Now that spring has sprung many of us are in spring cleaning mode, perhaps you are looking for a bit of motivation when it comes to your finances. Here are five wealth planning questions that may be answered by simple “rules of thumb.” These may spark meaningful discussions about wealth management, budgeting, or family and estate planning – or perhaps even help to motivate better financial decisions for you or others. Consider sharing these rules of thumb with younger adults who are just starting their wealth-planning journey to help inspire their own financial thinking:
1. How long will it take for my investments to grow?
The Rule of 72: In the investing world, we often use the Rule of 72 as a simple way to estimate the time it take to double an investment based on a constant rate of return. Dividing the number by 72 by this rate of return determines the approximate number of years it would take to double. For example, with a 6 percent rate of return, it would take approximately 72 / 6, or 12 years. The Rule of 72 can be a good reminder of the power of compounding and the importance of staying invested over the longer term. Indeed, the opportunity to build significant wealth is within reach for both young and old investors alike. Consider that at a rate of return of 6 percent, even if you’ve reached the respected age of 70, based on the average life expectancy, you are likely to see your funds double – and twice still if you become a centenarian.
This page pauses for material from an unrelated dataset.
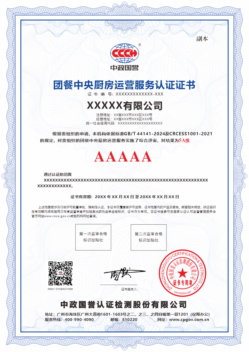 通过对这些“食品安全特性”、“运营管理特性”与“服务保障特性”的综合评定,认证机构将为企业颁发相应等级的认证证书。这不仅是企业合规运营的证明,更是其规模化供餐服务在安全、质量与稳定性方面达到高成熟度的重要标志。

2. Am I on track with my wealth accumulation?
The Net-Worth Indicator: This rule of thumb can be used to gauge your current wealth accumulation progress based on your household income, as developed by the authors of the book “The Millionaire Next Door.” Multiply your age by your realized pre-tax annual household income from all sources except inheritances. Divide by ten. The answer is your expected net worth. If your actual net worth is more than twice this figure, you are considered a “prodigious accumulator” of wealth. If it is below this figure, you are considered an “under-accumulator” of wealth.
3. What portion of my budget should go toward saving?
If you are an under-accumulator of wealth, perhaps there may be merits to engaging in budgeting to improve savings, control expenses, manage debt or instill discipline.
The 50-30-20 Budgeting Rule: This simple budgeting rule involves dividing after-tax income into three buckets: 50 percent to “needs,” 30 percent to “wants” and 20 percent to “savings.” Needs include housing, utilities, food, transportation, healthcare, and childcare. Wants are non-essential, including memberships, entertainment, and fashion. Savings include investment and debt repayment; however, if you hold debt, it may be prudent to consider allocating a greater proportion to paying it down, given the higher costs of holding debt.
4. How much of much income should be put toward a house?
The “Rule of 30” for Home Purchases: In the past, there was a general rule of thumb that suggested the price of your home should be no more than three times your annual gross income. However, over the past decade, housing prices have skyrocketed in many metropolitan cities making this rule of thumb largely outdated. Instead, the “Rule of 30” may be a more practical replacement, suggesting that we should limit total annual housing costs, including mortgage payments, insurance, property taxes and maintenance, to 30 percent of gross income. This rule may be especially important to help younger folks frame a purchase decision. Overspending on a house can leave individuals vulnerable to financial instability, especially in the event of unforeseen circumstances such as job loss or economic downturns.
5. When should I be having discussions with elderly parents?
The 40/70 Rule for Aging: This simple rule of thumb encourages discussions about aging-related matters, suggesting that these conversations should happen between adult children and their aging parents once the child reaches the age of 40 or the parents turn 70. The rule is based on the premise that it is best to start these discussions when parents are still healthy and capable – well before any potential crisis forces decisions to be made. These discussions may include difficult topics such as future care, living arrangements, decision-making support, finances, and end-of-life decisions.